7. Daylight Savings Time ($434 million-$1.7 billion per year)
How could daylight savings time possibly cost more than going to Pluto? If you’ve ever experienced daylight savings time, as I’m sure you have, you’ve probably experienced the inconvenience of it. You or one of your co-workers forgets about it and is late to a key meeting, or you miss your flight as a result. Say you’re waking up an hour earlier than usual and you’re exhausted while sitting in traffic. Since you aren’t paying attention, you get into a fender bender. While it’s hard to place an exact figure on how much money it costs us each year estimate range to almost $2 billion, according to the Things That Cost More Than Space Tumblr page.
6. Pirates of the Caribbean Films ($1.04 Billion)
Hollywood has shelled out a lot for the sake of Captain Jack Sparrow. There was $140 million spent to make The Curse of the Black Pearl (2003), $225 million to make Dead Man’s Chest (2006), $300 million to make At World’s End (2007), and $378.5 million for On Stranger Tides (2011). In 2017, we can expect Dead Men Tell No Tales.
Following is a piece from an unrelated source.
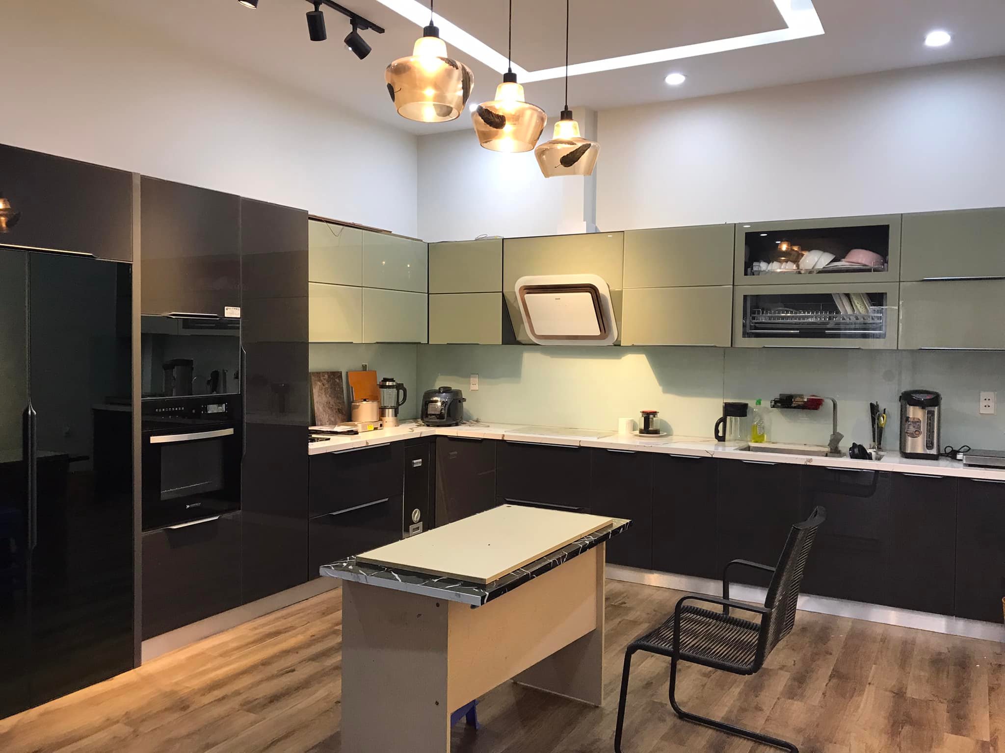 Thiết kế tủ bếp không tay nắm, cánh phẳng mang vẻ đẹp tối giản, sang trọng

5. Trump Taj Mahal ($1.1 Billion)
That’s right, the man currently running for President with the campaign slogan, “make America great again” poured over a billion dollars into the world’s most expensive casino, according to The New York Times. The facility itself cost $500 million. The huge building covers 17 acres and was dubbed the “8th wonder of the world,” by its publicists. The costly business venture in Atlantic City was Trumps third casino in the gambling capital of New Jersey.
4. The Dallas Cowboys’ AT&T Stadium (1.2 Billion)
The Dallas Cowboys’ AT&T Stadium features a max capacity of 105,000 people and the world’s fourth largest TV screen. Completed in 2009, Jerry World could have financed the trip to Pluto, plus another trip to Neptune if we’re counting at a dollar per mile rate (NASA’s 3 billion mile trip to Pluto cost lest than 50¢ per mile).
3. ATM Fees ($8 Billion)
Those $2 charges here, and $3 charges there really begin to add up when the entire population of America has to contribute. According to 2010 data, Americans completed about $2.1 billion fee-carrying ATM transactions that year, at an average cost of about $3.85, which totals just over $8 billion.
2. Spam emails, $21.58 billion
Information Week shared the toll that spam took on America in 2004. The National Technology Readiness Survey estimated that the roughly 170 million adults who were online that year spent three minutes a day deleting spam, for a lost productivity cost in the tens of billions for that one year.
1. Hangovers, $160 billion-ish
The CDC in 2011 published a study (based on 2006 data) that put the cost of excessive alcohol consumption that year at $223.5 billion. Some 72% of that, or about $160 billion, “largely resulted from losses in workplace productivity.” That Atlantic’s take “suggests that the economic drag from hangovers is about $160 billion.”